If he had finished fourth on Saturday and bowed out, you would have applauded and hailed Kauto Star as one of the best you had ever seen. The fact that, unusually, general expectations were not sky high, makes his performance all the more mesmerising. To put the magnitude of pre-race expectation into context, his SP of 6/1 was the most generous SP that has ever been returned about him in seven years and 29 races since he first arrived in the UK.

And it wasn’t just that he beat Long Run, that he had the new champion on the ropes at every stage of the race and that he went away on the run-in to win by eight lengths, a margin that surprised even his rider Ruby Walsh when he was informed about it afterwards. His performance was more solid even than that becasue, in Weird Al, Diamond Harry and Time For Rupert, he also had three of the best young progressive staying chasers in the business trailing in his wake. According to Racing Post Ratings, Kauto Star’s performance on Saturday was the best that he has put up since he won the King George by 36 lengths in 2009, and that is astonishing.

At last, if the reception that he and Ruby Walsh were afforded when they were led back into the winner’s enclosure is a guide, it appears that Kauto Star has managed to wend his way into the affections of his public. He has had punters on side from early, punters love to back a winner, they love to back a winning favourite, and Kauto Star has been a winning favourite 18 times. The public’s affection, however, has been a slower burn.

It takes more than raw ability and prolificacy to woo your public. Indeed, sometimes prolificacy can count against you. Steve Davis was the most successful snooker player of his era, but he was never the most popular. The most popular National Hunt racehorses in history all had something else as well as ability, they all had an extra dimension. Desert Orchid was grey and exuberant as well as brilliant. Danoli was trained by an unheralded trainer who was light on experience but heavy on personality. Dawn Run was a mare, an Irish mare, the only horse ever to win a Champion Hurdle and a Gold Cup. Arkle was Himself.

Kauto Star had nothing to set him apart through the early stages of his career except his ability. A bay horse, same as the majority of other horses, trained by a champion trainer, ridden by a champion jockey, owned by a fairly textbook owner, bred in France. No adversity to overcome.

It is no coincidence that probably the greatest reception of his career – and the one that Paul Nicholls says will live long in his memory – was reserved for last Saturday, one of the only times in his life when he was the underdog.
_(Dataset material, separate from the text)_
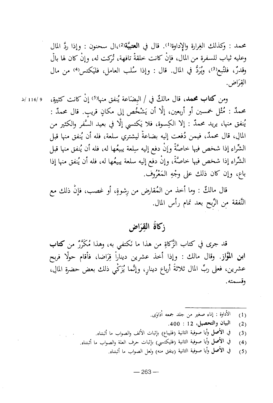 محمد: وكذلك الغرارة والإداوة. قال في العتبية، قال سحنون: وإذا رد المال وعليه ثياب للسفرة من المال، فإن كانت خلقة تافهة، تركت له، وإن كان لها بال وقدر، فلتبع، ويرد في المال. قال: وإذا سلب العامل، فليكنس من مال القراض.

That’s how you garner the public’s affection: be the underdog and win. Be the old man of the party, be a whisper away from your gold watch, be the 11-year-old, be almost twice as old as your main adversary, and beat him pointless.

The talk now is that the Betfair Chase was Kauto Star’s Gold Cup this year, that Paul Nicholls had squeezed him down to the pips to have him flea-fit for last Saturday, and that he will not have sufficient time in the five weeks that separate the Betfair Chase and St Stephen’s Day to recover in order that he can be a potent force in another King George. In reality, you would be traversing that grey area between reality and fairytale if you were to go down the five-King-Georges route, but, with regard to Kauto Star’s position in the pantheon of horse racing, it doesn’t really matter if he can’t.

He has proven himself to be a truly great National Hunt racehorse, perhaps the best that this generation of racegoers has witnessed. He has performed at the highest level over all distances, on all types of ground, on all types of track, left-handed, right-handed, up and down hills, flat, tight, galloping. He had the pace to win two Tingle Creek Chases over two miles, he is the only horse to win four King Georges in a row, and he had the stamina to win two Gold Cups. He is the only horse ever to win the Gold Cup, lose it, then come back and win it again. And now, having notched up his fourth Betfair Chase last Saturday, he is the only horse ever to win two different Group 1 or Grade 1 races four times.

He is an extraordinary racehorse, a phenomenon, and it is correct that he is recognised as such.